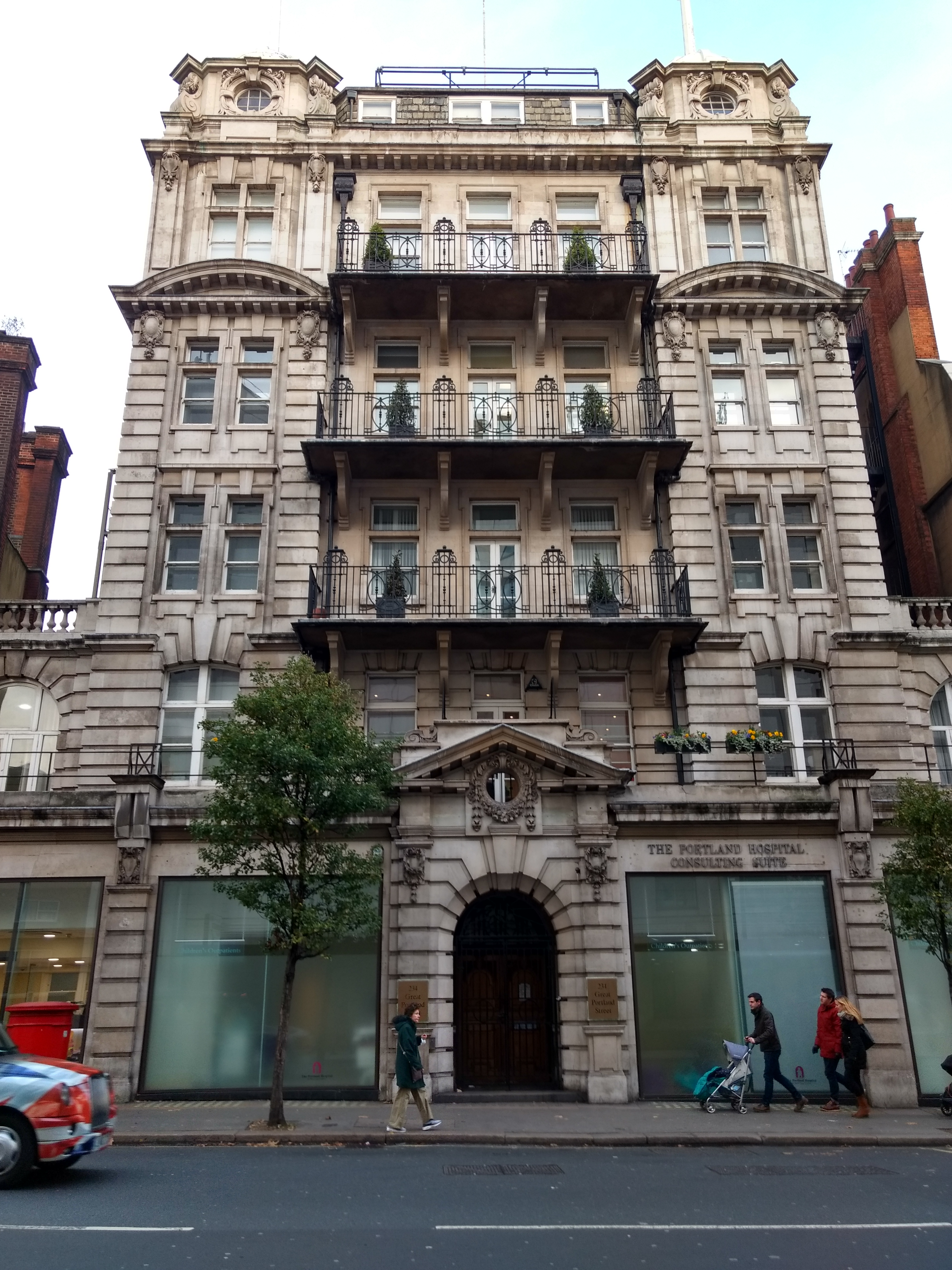 Portland Hospital consulting suite, 234 Great Portland Street
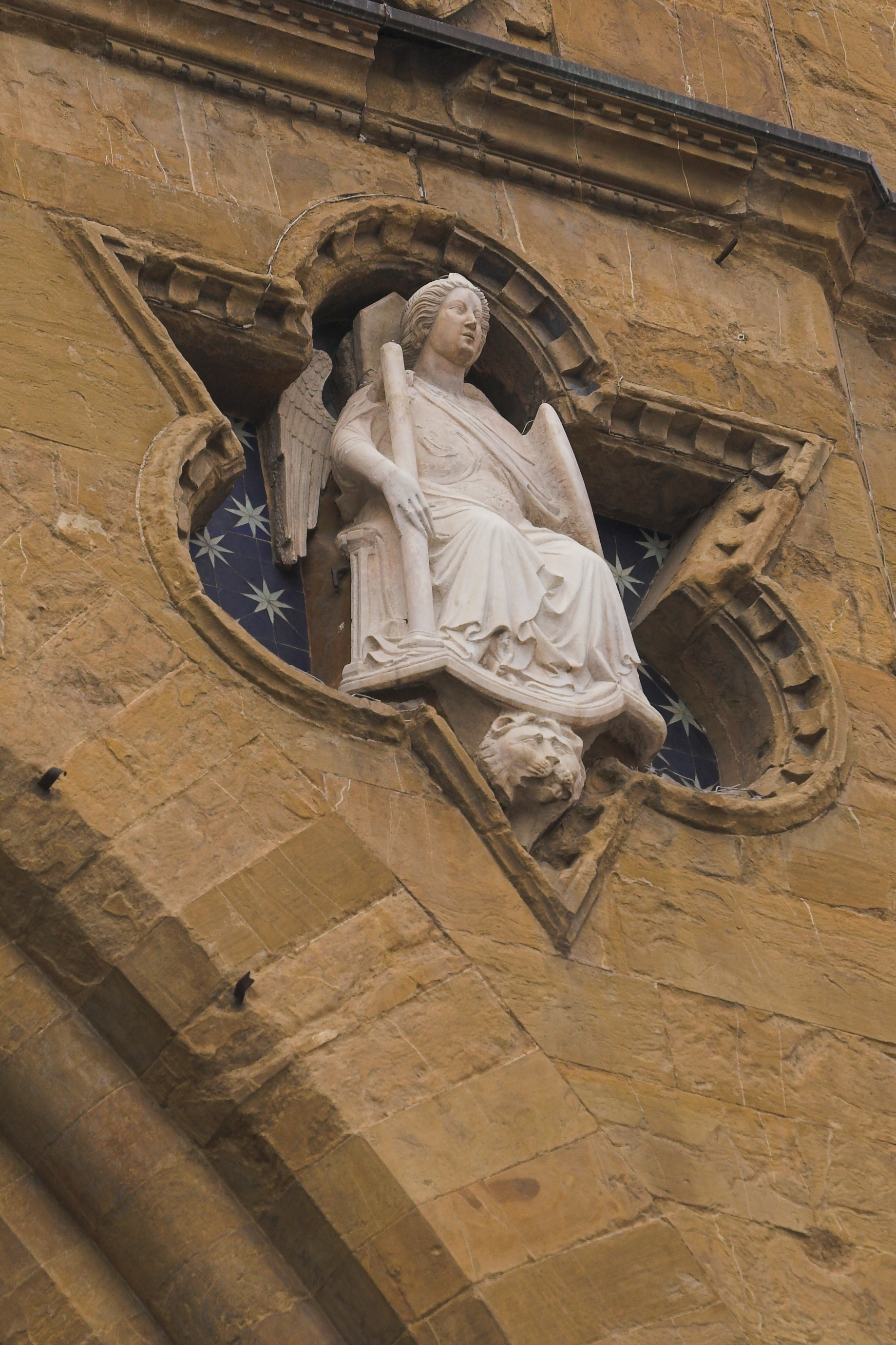 An image of Strength or Fortitude, one of the four cardinal virtues, with her column, shield, and lion.
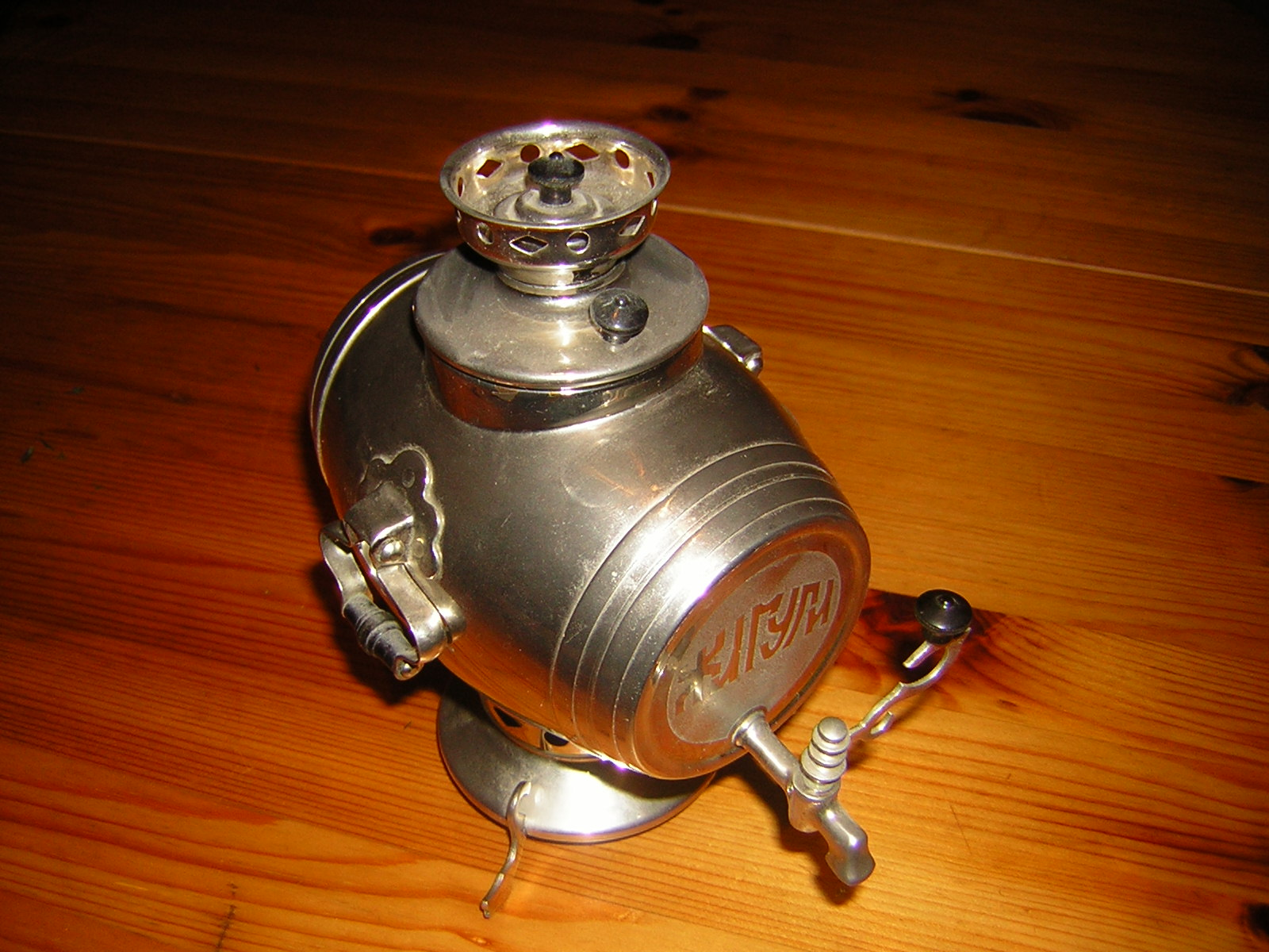 Samovar type "barrel"
# # #
** Task to carry out **
Please write the material out again exactly as shown above, minus any pictures.

** Reply to the task **
 Portland Hospital consulting suite, 234 Great Portland Street
 An image of Strength or Fortitude, one of the four cardinal virtues, with her column, shield, and lion.
 Samovar type "barrel"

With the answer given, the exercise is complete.